[Extracted data entries]
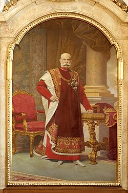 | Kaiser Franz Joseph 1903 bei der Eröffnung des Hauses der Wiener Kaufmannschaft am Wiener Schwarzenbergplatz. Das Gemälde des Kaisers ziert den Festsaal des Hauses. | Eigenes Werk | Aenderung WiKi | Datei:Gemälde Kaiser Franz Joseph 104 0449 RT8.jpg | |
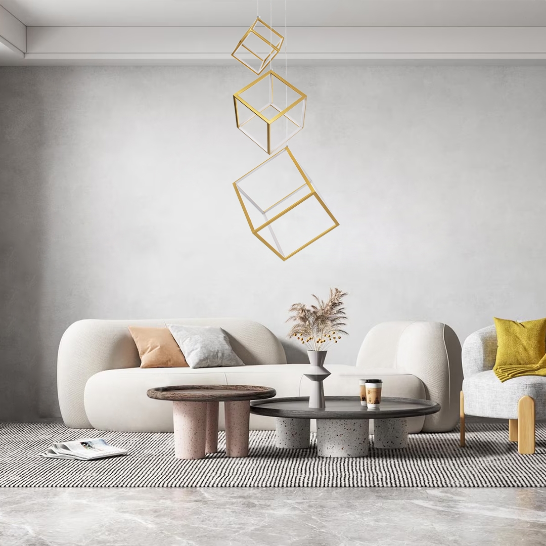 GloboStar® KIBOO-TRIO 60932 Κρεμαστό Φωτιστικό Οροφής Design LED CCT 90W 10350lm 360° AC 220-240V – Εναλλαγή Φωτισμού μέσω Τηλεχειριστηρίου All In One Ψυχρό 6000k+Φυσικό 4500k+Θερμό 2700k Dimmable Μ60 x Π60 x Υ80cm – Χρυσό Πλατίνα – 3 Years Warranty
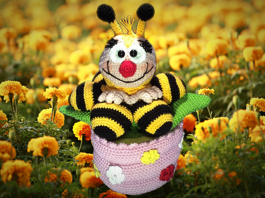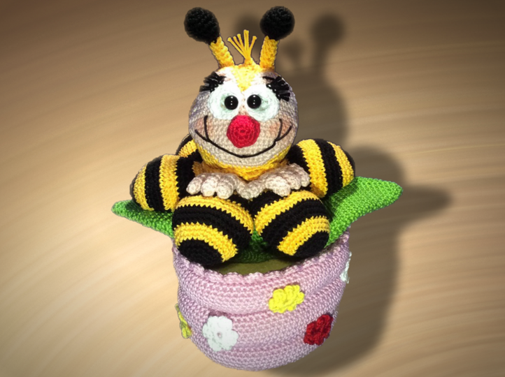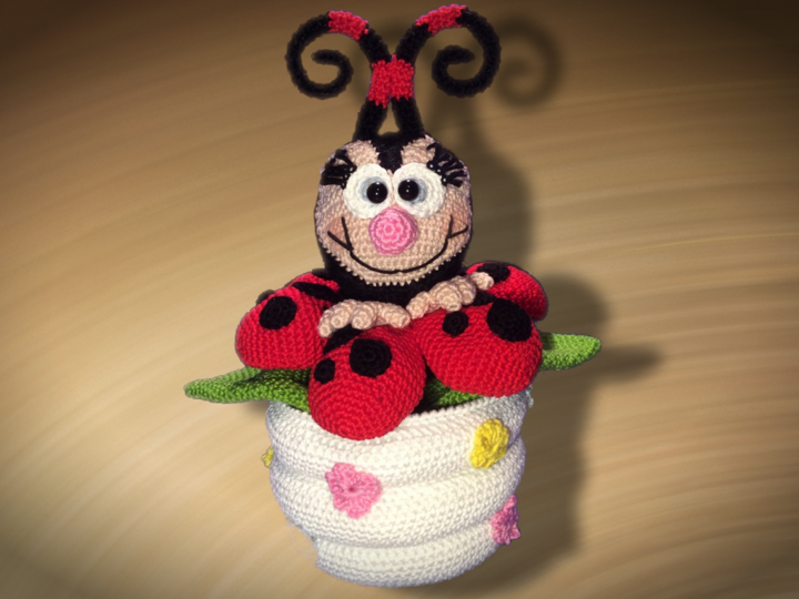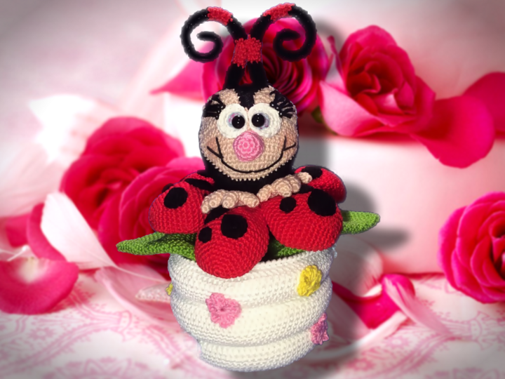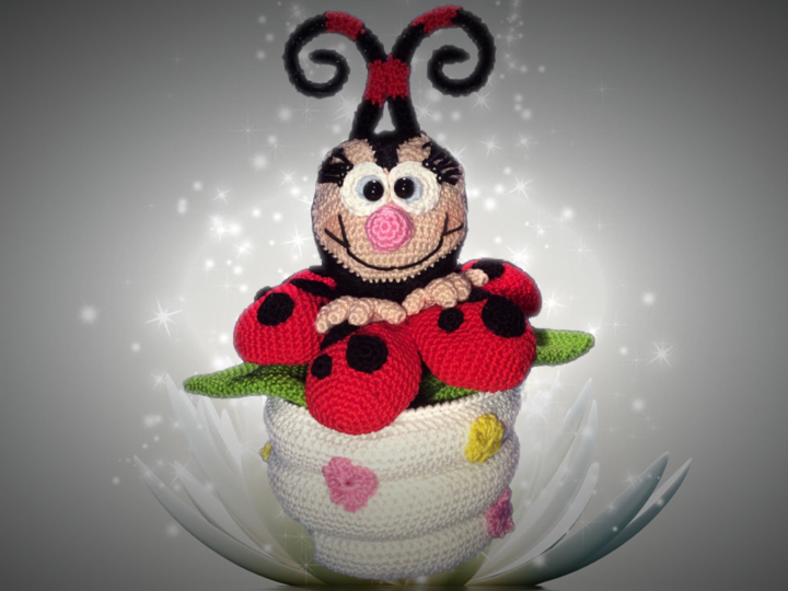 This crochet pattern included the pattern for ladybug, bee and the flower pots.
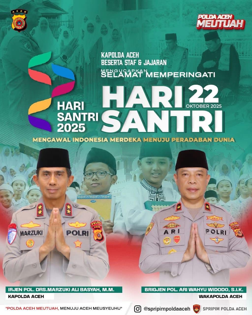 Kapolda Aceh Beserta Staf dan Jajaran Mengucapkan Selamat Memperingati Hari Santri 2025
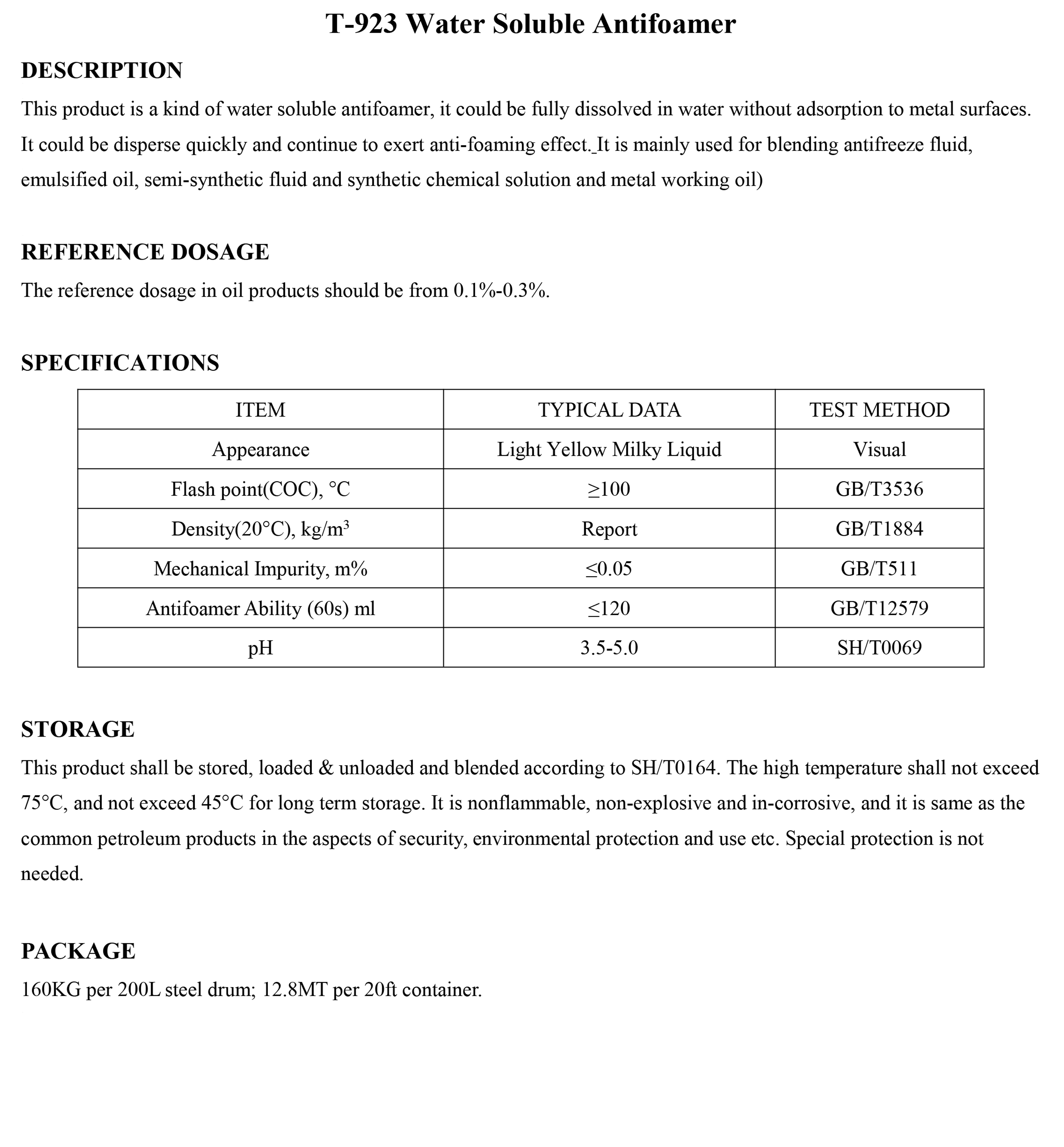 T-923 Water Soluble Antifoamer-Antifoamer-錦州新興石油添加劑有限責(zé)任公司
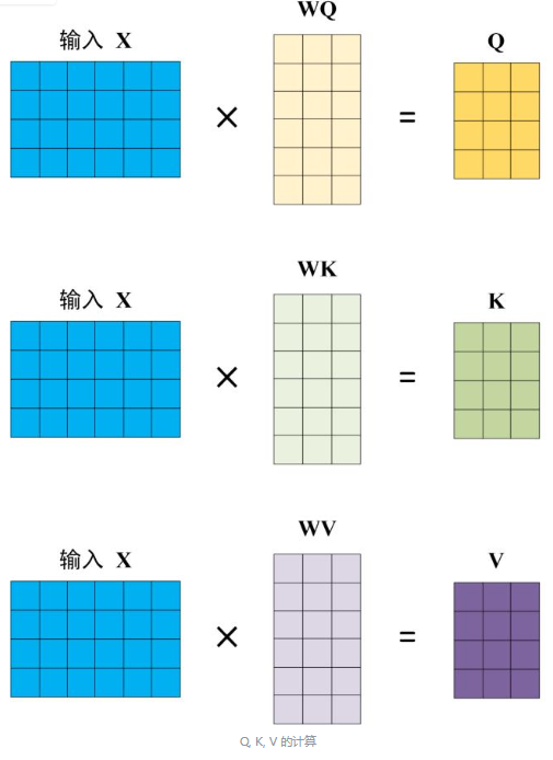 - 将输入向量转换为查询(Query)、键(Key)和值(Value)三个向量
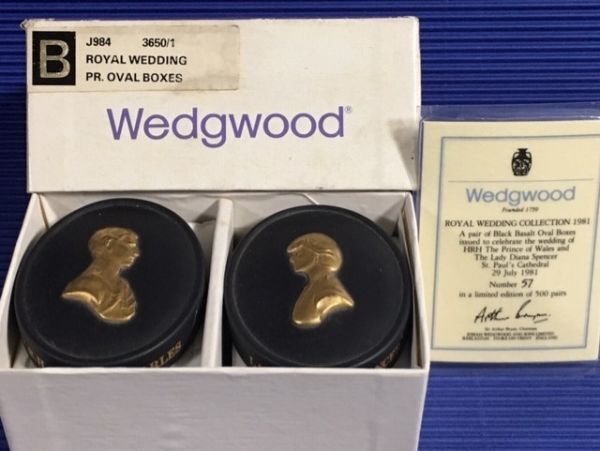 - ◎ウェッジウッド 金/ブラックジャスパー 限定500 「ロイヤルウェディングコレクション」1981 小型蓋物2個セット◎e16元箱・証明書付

■ **TASK DETAILS**: Which lines run from the one containing "T-923 Water Soluble" to the end of the data above? Set down those lines exactly, and only those, without any pictures.

■ **EXERCISE OUTPUT**:
 T-923 Water Soluble Antifoamer-Antifoamer-錦州新興石油添加劑有限責(zé)任公司
 - 将输入向量转换为查询(Query)、键(Key)和值(Value)三个向量
 - ◎ウェッジウッド 金/ブラックジャスパー 限定500 「ロイヤルウェディングコレクション」1981 小型蓋物2個セット◎e16元箱・証明書付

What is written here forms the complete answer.